20190613 ヘッドライン 統合型環境制御のハウスを見学統合型環境制御のハウスを見学

 

◆現場ですぐに役立つ知識を習得

 2日間の講習を終え、現場で実際に役立ちそうなポイントを聞くと、ほとんどの営農指導員が、湿度が光合成に与える影響について挙げていた。
 営農指導員歴7年の男性は、「ハウス内の温度と湿度の関係を具体的に教えてもらったのはよかった。理屈がわかっていると農家組合員に説明しやすくなると思います。農家さんによって投資できるコストも違うが、現場に帰って指導してみたい」とコメント。
 また、「トマトは水の量を気にしていましたが、湿度という概念がこれまでなかった」と言うのは主にトマトを中心に14年の営農指導員の女性。
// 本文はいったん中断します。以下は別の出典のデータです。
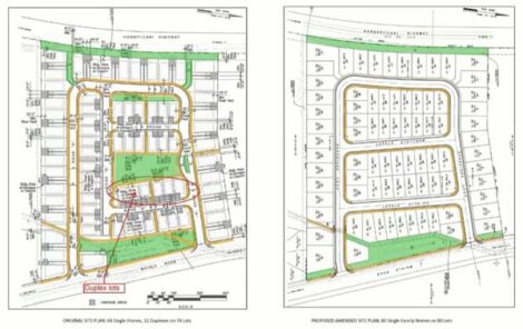 New plans also call for more single-family homes instead of planned duplexes

むしろ、ある程度乾いた環境でないと病気になると思っていたそうで、「さっそく現場で試してみたい」と話した。さらに、光合成と二酸化炭素の関係についても、「日差しがあってトマトやキュウリがどんどん光合成すると、葉の付近の二酸化炭素が無くなって光合成ができなくなってしまうということを知った」と言い、冬場の閉め切ったハウスで使っている二酸化炭素を簡単に発生させる固形資材を、「夏のハウスでも応用してみたい」と話した。
 1909(明治42)年に千葉県立園芸専門学校として創立した千葉大学園芸学部は、国立大学法人で唯一の園芸学部で、野菜、果樹、花きといった園芸品目の栽培・販売方法、食品製造、ランドスケープなどの研究・開発等をしている。
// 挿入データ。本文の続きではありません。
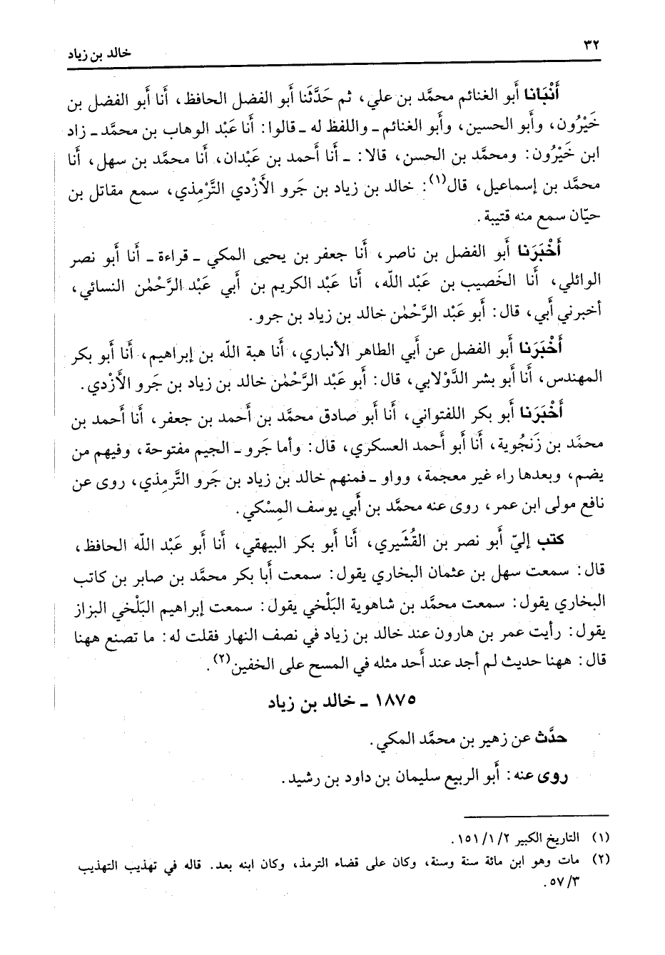 أنبأنا أبو الغنائم محمد بن علي ثم حدثنا أبو الفضل الحافظ أنا أبو الفضل بن خيرون وأبو الحسين وأبو الغنائم واللفظ له قالوا أنا عبد الوهاب بن محمد زاد ابن خيرون ومحمد بن الحسن قالا أنا أحمد بن عبدان أنا محمد بن سهل أنا محمد بن إسماعيل قال (1) خالد بن زياد بن جرو الأزدي الترمذي سمع مقاتل بن حيان سمع منه قتيبة أخبرنا أبو الفضل بن ناصر أنا جعفر بن يحيى المكي قراءة أنا أبو نصر الوائلي أنا الخصيب بن عبد الله أنا عبد الكريم بن أبي عبد الرحمن النسائي أخبرني أبي قال أبو عبد الرحمن خالد بن زياد بن جرو أخبرنا أبو الفضل عن أبي الطاهر الأنباري أنا هبة الله بن إبراهيم أنا أبو بكر المهندس أنا أبو بشر الدولابي قال أبو عبد الرحمن خالد بن زياد بن جرو الأزدي أخبرنا أبو بكر اللفتواني أنا أبو صادق محمد بن أحمد بن جعفر أنا أحمد بن محمد بن زنجوية أنا أبو أحمد العسكري قال وأما جرو الجيم مفتوحة وفيهم من يضم وبعدها راء غير معجمة وواو فمنهم خالد بن زياد بن جرو الترمذي روى عن نافع مولى ابن عمر روى عنه محمد بن أبي يوسف المسكي كتب إلي أبو نصر بن القشيري أنا أبو بكر البيهقي أنا أبو عبد الله الحافظ قال سمعت سهل بن عثمان البخاري يقول سمعت أبا بكر محمد بن صابر بن كاتب البخاري يقول سمعت محمد بن شاهوية البلخي يقول سمعت إبراهيم البلخي البزاز يقول رأيت عمر بن هارون عند خالد بن زياد في نصف النهار فقلت له ما تصنع ههنا قال ههنا حديث لم أجد عند أحد مثله في المسح على الخفين (2) 1875 خالد بن زياد حدث عن زهير بن محمد المكي روى عنه أبو الربيع سليمان بن داود بن رشيد

 主に水稲を担当しているという50代の営農指導員は、「千葉大は最先端だから一度は見てみたかった。これだけの施設を揃えることは現実にはコストがかかってできないが、何かしら参考になる。一人で見るよりは何人かで見て覚えていれば後から相談もできるし、若い人を育てるためにもこうした研修会をやってもらえるのはありがたい」と話した。
 また、別の営農指導員は、「少人数で質問もできて期待以上でした。今回聞いたことを持ち帰ってすぐに農家さんに知らせたい。実際にやってみて夏野菜の結果は9月には出ますから、次の機会にまたいろいろ聞いてみたい」と話した。
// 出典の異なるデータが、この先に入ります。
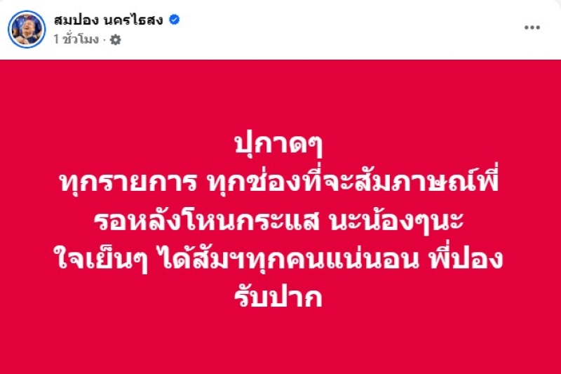 อีกโพสต์ ปุกาดๆ ทุกรายการ ทุกช่องที่จะสัมภาษณ์พี่ รอหลังโหนกระแส นะน้องๆนะ ใจเย็นๆ ได้สัมฯทุกคนแน่นอน พี่ปองรับปาก

 今回の研修会を担当した浄閑准教授は、「生産者にとって大事なのはいかに儲かるかなので、そこにつながる技術や情報を、お伝えできるよう心がけました。現場でハウスごとの特徴をみながら最適なものを取り入れていただければ」と話した。
 また、大学の立場から今後の産学連携の取り組みについて、「千葉大学は、100年近く歴史がある中で多くの先輩方が産業と近い距離で研究を進めてきた。それを我々も引き継いで学生にも現場にとって何が必要なのかを伝えていくことが大事だと思っています」と話した。